My humble contribution to the democratization of the Chinese NLP technology (currently based on Fast.ai library).
[WIP] This project is still in a very early development stage. Things might change dramatically in the near future.
This project has lost its purpose since the moment BERT released its multilingual and Chinese versions of pretrained models. Readers are advised to check out those models and other similar projects (e.g. Universal Sentence Encoder).
This codebase is under major overhaul. Previously it heavily depended on fast.ai v0.7 which also does a lot of things besides NLP. Now fast.ai v0.7 is replaced with a lightweight general PyTorch helper bot and an NLP package dekisugi in this library. I'm considering adding some dependencies to other well-maintained and modularized librarires (e.g. torchtext, AllenNLP, etc.) to reduce future maintenence workloads.

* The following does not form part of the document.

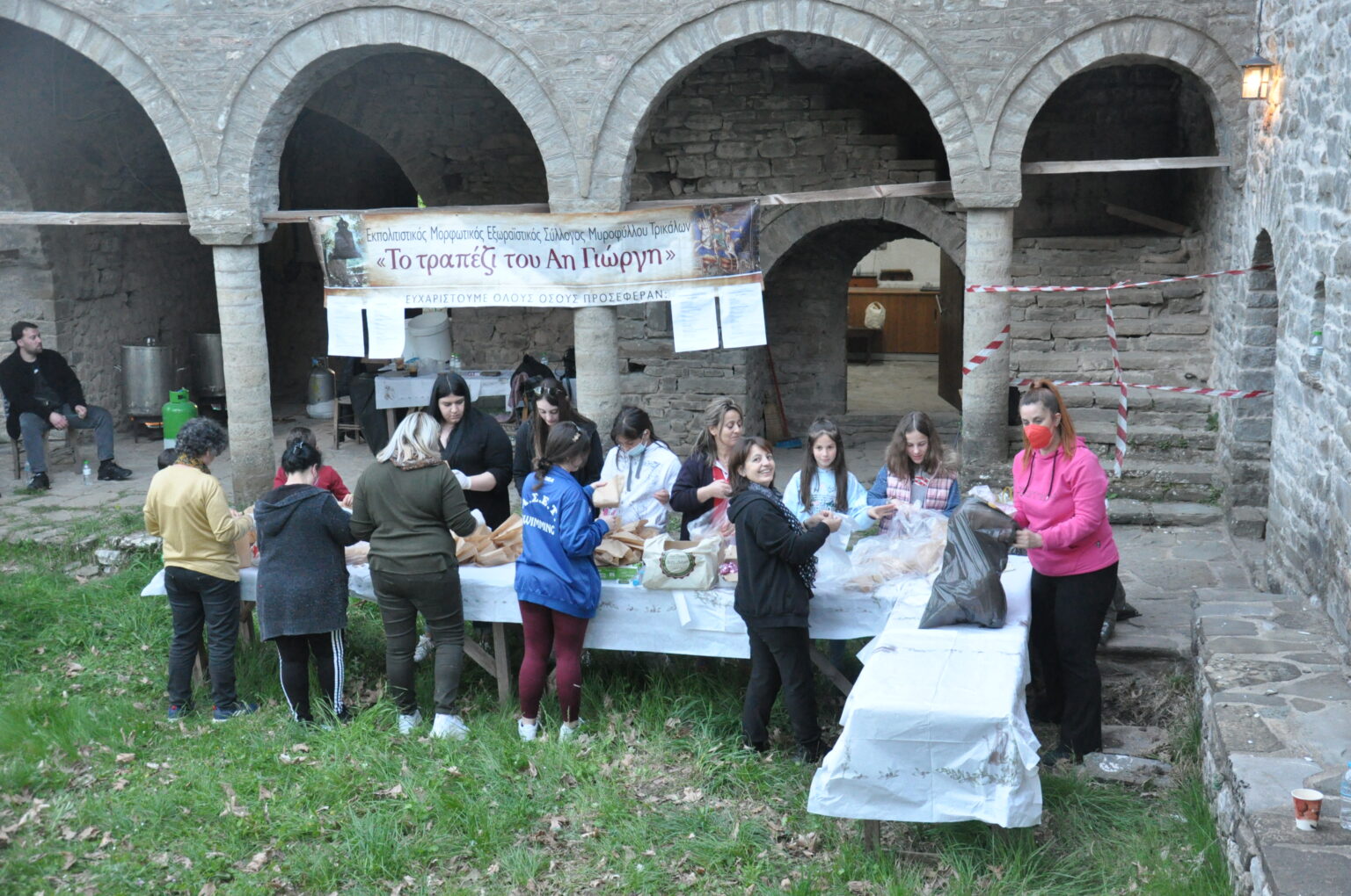 Ο Εκπολιτιστικός Μορφωτικός Εξωραϊστικός Σύλλογος Μυροφύλλου Τρικάλων είχε καθιερώσει τα τελευταία χρόνια το «Τραπέζι το Αη Γιώργη», την παραδοσιακή «φιλοξενία» των προσκυνητών με «καζάνι» με πρόβιο κρέας από δωρεές των πιστών. Μετά από δύο χρόνια απουσίας λόγω της πανδημίας φέτος τα μέλη του συλλόγου από βραδύς συγκεντρώθηκαν στο μοναστήρι και ευλαβικά ετοίμασαν τα σφάγια. Την επομένη το «καζάνι» ευλογήθηκε από τον ιερέα και διανεμήθηκε στους πανηγυριστές με την ευλογία του Αγίου. Το διοικητικό συμβούλιο ευχαριστεί τους Ουρανία Μπαρκονίκου, Αθανάσιο Φαλαγκάρα, Αθανάσιο Μανταλιά, Δήμητρα και Αγγελική Μανταλιά, Μπάμπη Ζάχο, Κωνσταντίνο Μανταλιά, Παναγιώτη Δουβλαντώνη, Βάγια Φαλαγκάρα, Νικόλαο Ράπτη, Αριστοτέλη Ζιώγα, Ελευθέριο Καρακίτσο, Δημήτρη Σουλιώτη, Δημήτρη Μπαρμπάνη, Ευάγγελο Τσιρογιάννη για τις προσφορές τους, καθώς επίσης και όλους τους εθελοντές που εργάστηκαν για την προετοιμασία και τη διανομή.

Currently only LSTM models are both migrated and tested. QRNN models are migrated but not tested. Transformer models are not migrated.
The old fast.ai notebooks and model code can be found under legacy
folder. This repo also has a branch fastai_based that still uses fast.ai v0.7.
Tokenization:
scripts/wiki_tokenize_json.py
: Character-level and word-level(using Thulac) tokenization of the Wikipedia json dump file.scripts/wiki_sp_tokenize_json.py
: Sentencepeice tokenization of the Wikipedia json dump file.
Language Model:
scripts/language_model/train_rnn_language_model.py
: Train an LSTM language model.
Tokenization:
scripts/douban_sp_preprocess.py
: Sentencepeice tokenization of the Douban corpus.
Language Model fine-tuning:
scripts/douban_pretrain_lm.py
Sentiment classification model:
scripts/douban_sentiment.py
Using codebase based on fast.ai v0.7:
- [Preview] Developing Modern Chinese NLP Models - Briefly described dataset preparation processes and some preliminary results.
- [NLP] Four Ways to Tokenize Chinese Documents
Using dekisugi:
Pre-built docker image: docker pull ceshine/pytorch-fastai. Or build the image yourself with the accompanied Dockerfile.
- Language Model (Wikipedia Articles): next character prediction.
- Sentiment Analysis (Douban Movie Reviews): movie rating prediction.